Lauren Blough, RN, BS, CRNI
Educator/Clinical Specialist
Venous Access Specialist Team
Florida Hospital
601 E. Rollins St
Orlando, FL
32803
PH: 407-303-5600 X 3811 or 4066
Beeper: 407-303-5599 # 1448

 


From: [EMAIL PROTECTED] [mailto:[EMAIL PROTECTED] On Behalf Of julie bryant
Sent: Monday, August 07, 2006 3:44 PM
To: [EMAIL PROTECTED]
Subject: IV Team/PICC Team

Ok, I am going to try to explain my situation to all in hopes of some good feed back.
Once upon a time...Actually just a few years ago my facility had a full IV team.  24/ 7 coverage.  We started & restarted all the PIV's and took care of all vascular access needs ie: ports, hickmans & dialysis catheters.  
We had started to do Some PICC's maybe 30 to 50 a month.  Not sure of all the politics involved, but the IV team was taken away and we were to be just a PICC team. (which has grown greatly)  So of course the Team was down sized quite a bit,  several people lost their
positions and had to go to other depts.
So now the floor nurses who never had to start an IV were expected to start IV's proficiently and cannulate ports and take care of things they had never seen before.
Now, three years later, There are some problems.

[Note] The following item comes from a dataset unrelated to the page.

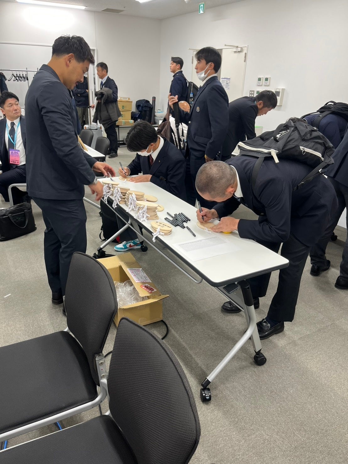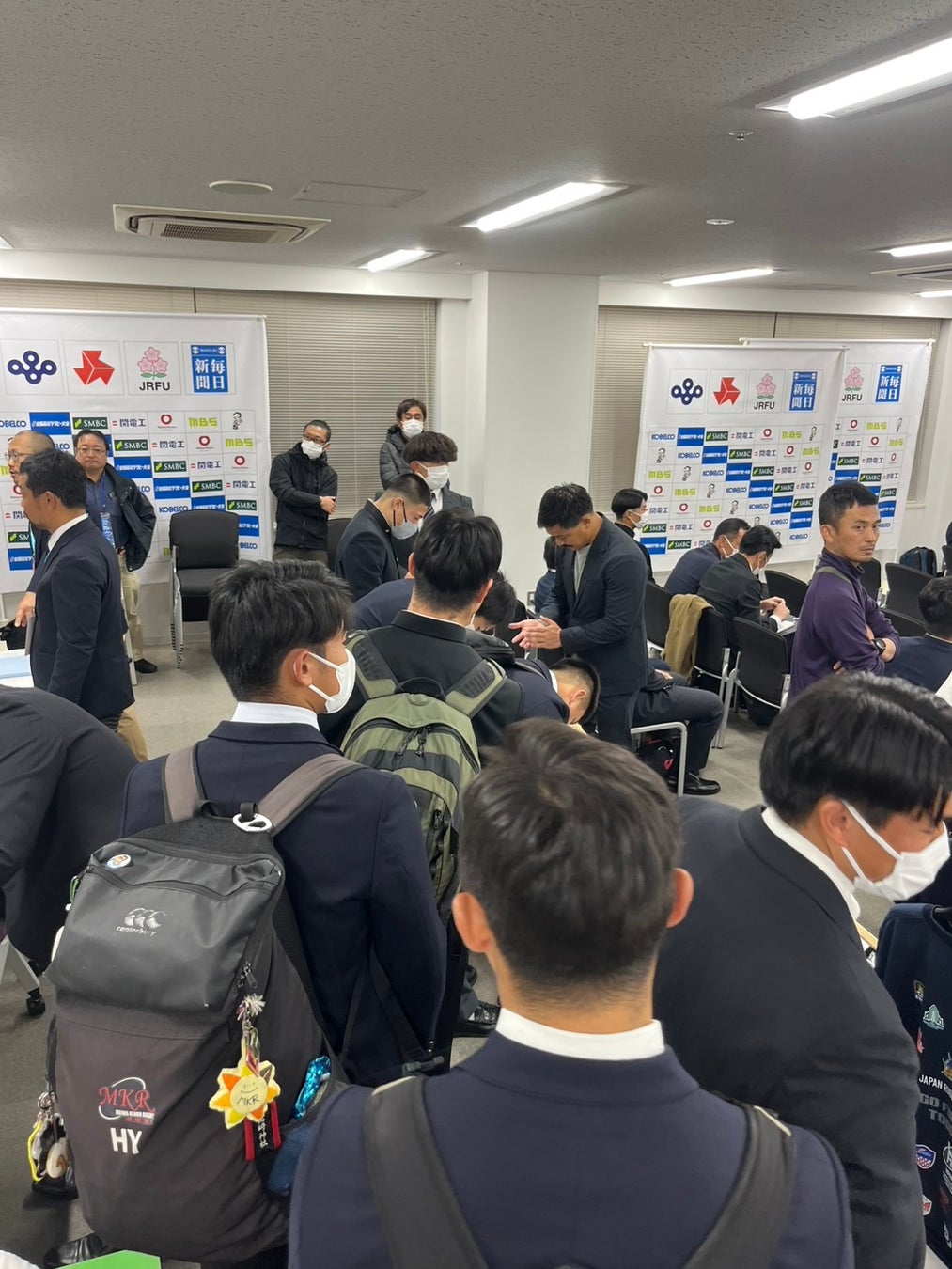12月6日に行われた大会抽選会では、社会人最高峰リーグ「リーグワン」に所属する横浜キヤノンイーグルスの天野寿紀選手(スクラムハーフ)が、出場校の代表選手一人ひとりに絵馬を手渡し、それぞれの思いが綴られた絵馬を回収してくださいました。

Imagine that!
So I have to come up with a way to cover the hospital with an IV team without putting a full blown team back in place. (Main focus would be PIV's.)
I was wondering how other teams work, such as hours and numbers of nurses covering. Types of shifts and etc...
Any input would be greatly appreciated.
Thank you all so much!
Julie  
 
Julie Bryant RN CRNI
Clinical Specialty Coordinator
PICC/Midline Dept.
St. Vincent's Medical Center
Jacksonville, Fl.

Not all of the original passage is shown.